Dzat Allah tidak seperti apa apa

Ketika kita bicara dzat Allah maka kita harus bisa keluar dari ruang dan waktu dan wujud. karena Allah itu tidak bertempat sehingga tidak menempati ruang, tidak kemarin atau besuk sehingga terbebas dari waktu, dan tidak berujud sehingga Allah tidak memiliki wujud nyata materi.

kita tidak bisa menyebut bahwa Allah itu diatasnya arasy, karena arasy itu tidak ada. arasy saja tidak maka Allah diatasnya yang tidak ada. ini bukan berarti Allah tidak ada, Allah ada tapi tidak bertempat diatas atau dibawah.

membicarakan Allah berarti kita harus rela tidak menggunakan pikiran kita. gunakanlah kesadaran kita. kesadaran ini yang akan memahami eksistensi Allah SWT. kita sadar bahwa Allah itu dekat, bahkan lebih dekat dari urat leher. Kedekatan kita dengan Allah sedekat urat leher membuat kita tidak bisa berpikir, seperti apa lebih dekat dengan urat leher tersebut. lebih dekat dengan urat leher tentunya memaksa kita untuk menggunakan kesadaran dalam memahami kedekatan kita dengan Allah. Sebagian manusia salah dalam memahami ini dia tetap menganggap Allah itu ada dalam pikirannya, lama lama pikirannya menolak dan akhirnya membuat dia tidak percaya dengan Allah. sebenarnya ini tidak perlu terjadi jika kita menggunakan kesadaran kita bukan pikiran kita.

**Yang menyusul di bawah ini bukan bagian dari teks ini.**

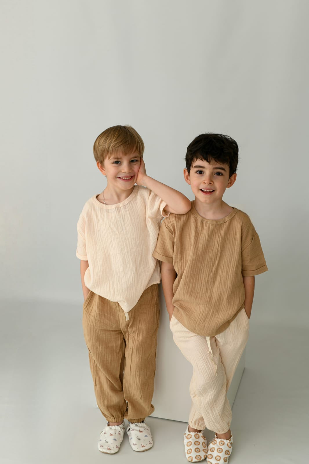 Sommerlich leicht und richtig bequem sind die Hosen. Sie sind ganz aus bio-Baumwolle gefertigt und am Bauch mit einem Gummizug verarbeitet. Dieser kann zusätzlich in der weite angepasst werden. Die lange Hose ist zudem mit Seitentaschen ausgestattet.
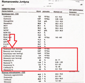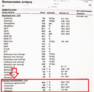 U dołu wyniku zostały przedstawione bardziej szczegółowe parametry dotyczące moich białych krwinek -rozmaz automatyczny. U Was będzie to wyglądało podobnie. Tu kolejna informacja – wśród białych krwinek można wyróżnić różne komórki, ich „subpopulacje” to tak jak pośród wszystkich pracowników przychodni możemy wyróżnić pracujących tam lekarzy, pielęgniarki, personel sprzątający, personel rejestracji itd.. Tak tu pośród leukocytów widzimy, kolejno – jak na wyniku: neurocyty, bazocyty, eozynocyty, limfocyty, monocyty. Przy czym początkowo są przedstawione ich wartości bezwzględne, a dalej ze znakiem % – ich udział procentowy.
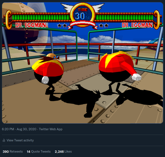 It's been nearly a year to the day I made the "slightly bigger Eggman" tweet that egoraptor retweeted and everyone went crazy for, but I now have a tweet to surpass it! Thank you everyone for enjoying this content!
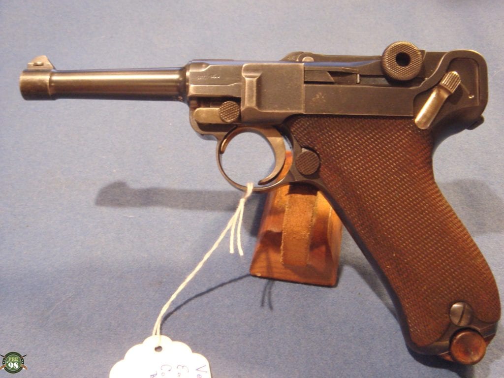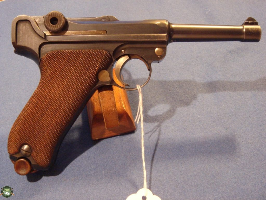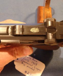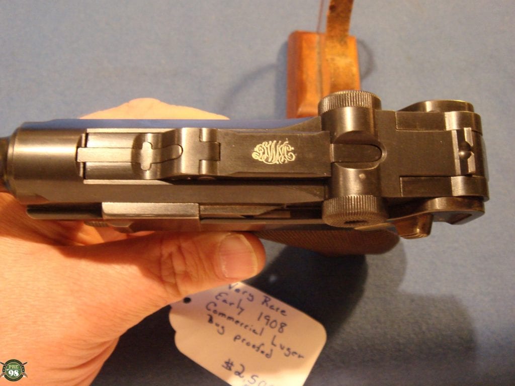 IN 97% ORIGINAL CONDITION, WE HAVE A VERY NICE EXAMPLE OF A EARLY BUG PROOFED 1908 COMMERICAL LUGER IN 9MM. THE GUN IS ALL MATCHING . THE BORE IS EXCELLENT AND THERE IS NO HOLD OPEN INSTALLED. THE MAG IS THE CORRECT UN-NUMBERED MAG AND THE GUN IS NUMBERED IN THE COMMERCIAL STYLE. MANY OF THESE PISTOLS WERE PRIVATELY PURCHASED BY SENIOR OFFICERS OF THE GERMAN ARMY PRIOR TO WW1. IT WAS THE CUSTOM OF THE DAY FOR OFFICERS TO PURCHASE THEIR OWN SIDE ARMS AND THIS WAS THE PISTOL THEY ALL WANTED. AS YOU WELL KNOW ANY 1908 COMMERICIAL IN THIS TOP SHAPE IS HIGHLY SOUGHT AFTER AND IS A GREAT INVESTMENT GRADE PIECE.
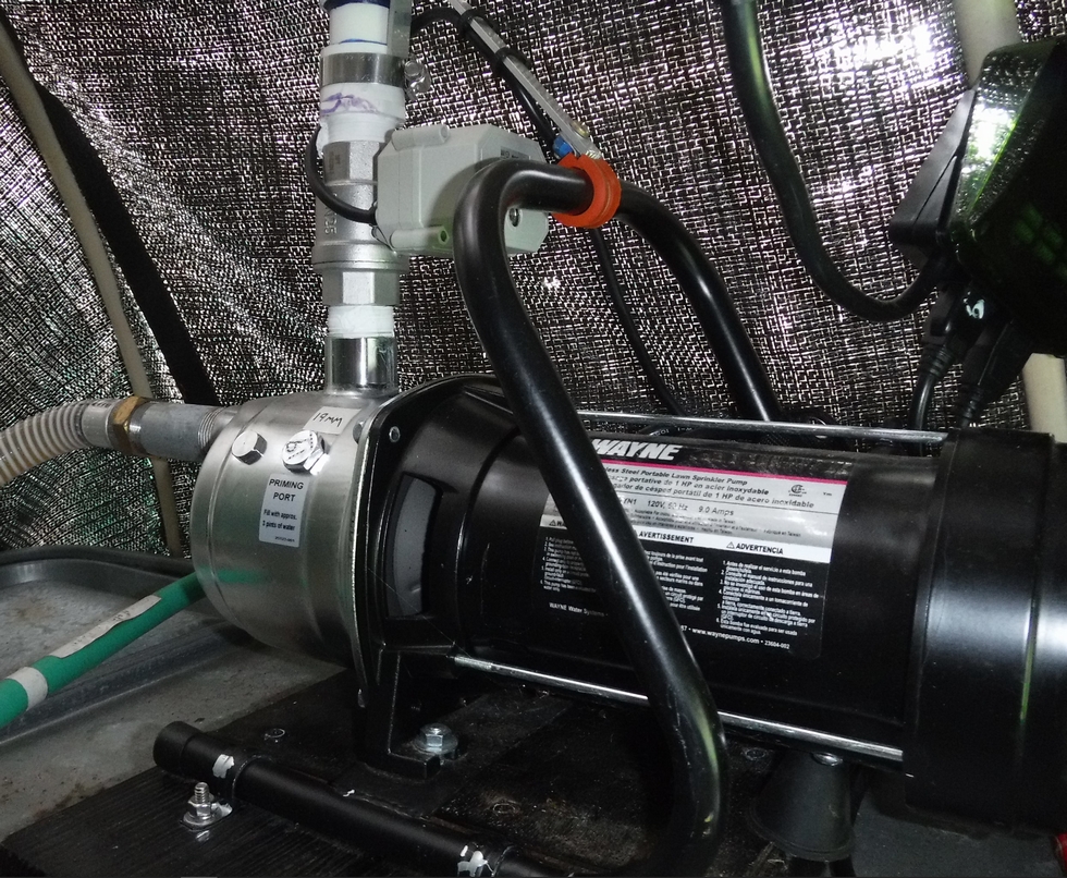 Above the tank is a BACO-ENG 1� Electrical Ball Valve that is normally closed and when power is added it will open. This had to be added since even though the pump would turn off, slowly over the day water would syphon out and over water the plants.

karena Allah bisa dipahami dengan kesadaran maka komunikasi kita juga harus kita lakukan dengan kesadaran, pujilah Allah dengan kesadaran, memintalah kepada Allah dengan kesadaran, bersujudlah dengan kesadaran dan semua bentuk komunikasi kita dengan Allah harus menggunakan kesadaran kita. Sehingga getaran komunikasi ini akan dapat kita rasakan betapa Allah itu membalas pujian kita, Allah membalas permintaaan kita dan Allah membalas setiap yang kita komunikasikan kepada Beliau.

baiklah membahas Dzat Allah harus dikembalikan kepada sifat Allah laa kamitslihi syaiun, artinya Allah tidak bisa disamakan dengan apapun. jadi Allah tidak seperti apa apa.

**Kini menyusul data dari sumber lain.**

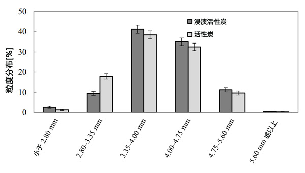 在一系列實驗中使用了用碘酸和無機酸浸漬的顆;钚蕴俊8鶕(jù)測量粒度分布、堆積密度和甲苯吸附能力,和測量浸漬活性炭的pH值。粒度按篩子大小分類。通過測量包裝在200mL容器中的浸漬活性炭的重量來計算堆積密度。通過將1/10甲苯蒸氣流到10g浸漬活性炭中,測量甲苯蒸氣吸附前后的重量差,計算出甲苯吸附容量。將3g浸漬活性炭加入300mL離子交換水中并搖動30分鐘,制成活性炭樣品再進行pH測量。圖1顯示了浸漬活性炭和活性炭的粒度分布。對于浸漬活性炭和活性炭,粒徑均為2.80-5.60毫米。這些粒徑通常是氣體處理的值。通過浸漬,堆積密度增加,甲苯吸附能力降低。這可能是由于浸漬材料滲入了孔隙。由于金屬的雜質(zhì),活性炭的pH值呈堿性。由于酸解離,通過浸漬降低了pH值。
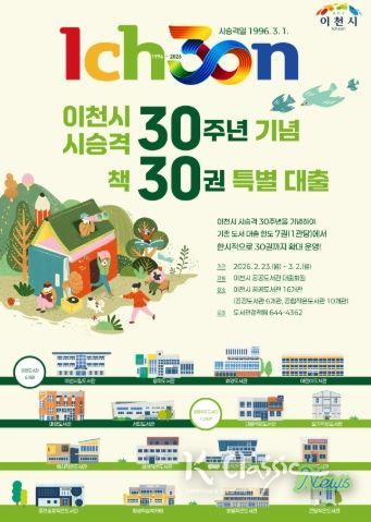K-Classic News 기자 | 이천시는 시 승격 30주년(시승격일 1996.3.1.)을 기념해 시민의 독서 참여를 확대하고 책 읽는 도시 이천의 정체성을 강화하고자, 오는 2월 23일부터 3월 2일까지 ‘책 30권 특별대출’ 서비스를 운영한다.
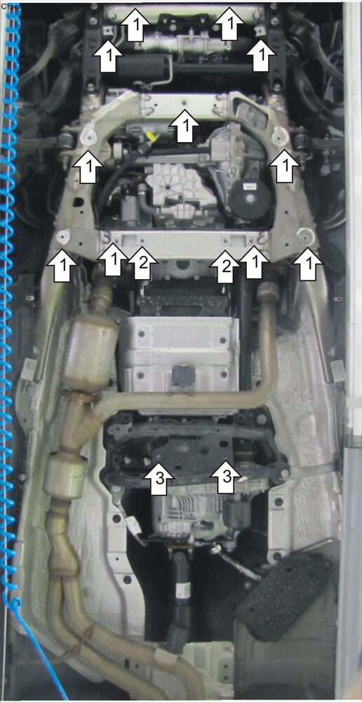 1. Снять штатную защиту. Установить передний щит, используя крепеж штатной защиты.\n

Memperhatikan akhirat (2) Melihat yang tidak ada

kemampuan kita melihat yang tidak ada akan membawa ktia pada suatu kesadaran hakiki ke Tuhanan. kalau kita melihat yang masih ada dalam pikiran kita maka kita harus banyak belajar lagi tentang hal ini. Tidak mudah dan tidak sulit untuk melakukan ” melihat yang tidak ada”, hanya memerlukan kesadaran dan frekwensi penggunaan yang sering saja. JIka kita sering melakukan “melihat yang tidak ada” maka kita sebenarnya sudah berada di akhirat.

inilah kelanjutan dari sesi sebelumnya tentang memperhatikan akhirat.

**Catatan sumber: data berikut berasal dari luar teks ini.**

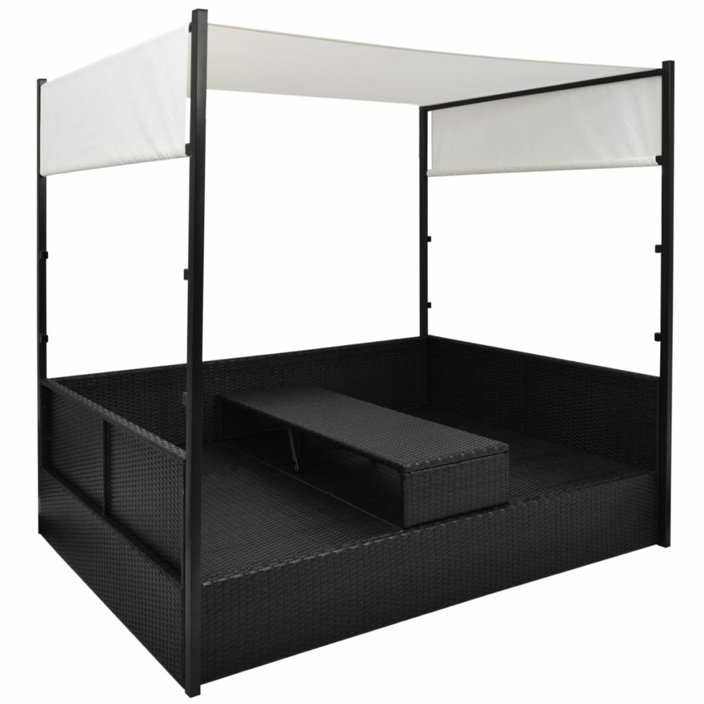 vidaXL lamamistool varikatusega, must, 190 x 130 cm, polürotang

praktisnya begini. ketika kita beraktifitas apapun aktivitas itu, kemanakahkesadaran kita?. atau begini jika kita rukuk kita hormat kepada “siapa yang seperti apa”. Nah kalau kita masih hormat kepada “siapa” yang masih ada dalam pikiran kita maka itu belum “melihat yang tidak ada”.

Yang kita lakukan sebenarnya adalah menghormat saja, tidak perlu mewujudkan Dzat Allah. sekali lagi kita hanya menghormat titik.

bagiamana menghentikan pikiran ?

pikiran kita bisa berhenti tatkalah kita memasuki ranah .. tiada persepsi, tiada yang ada, tiada yang dapat menyamai Nya, Dia yang maha Luas, Dia yang maha Tak Terbatas..
otomatis jika kita memasuki alam tiada persepsi yaitu Allah sebagai dzat yang tidak bisa di pikir, dzat yang tidak bisa samakan dengan apapun LAA ILAHA ILALLAH maka pikiran kita akan kosong, nol… hampa dan setersunya…..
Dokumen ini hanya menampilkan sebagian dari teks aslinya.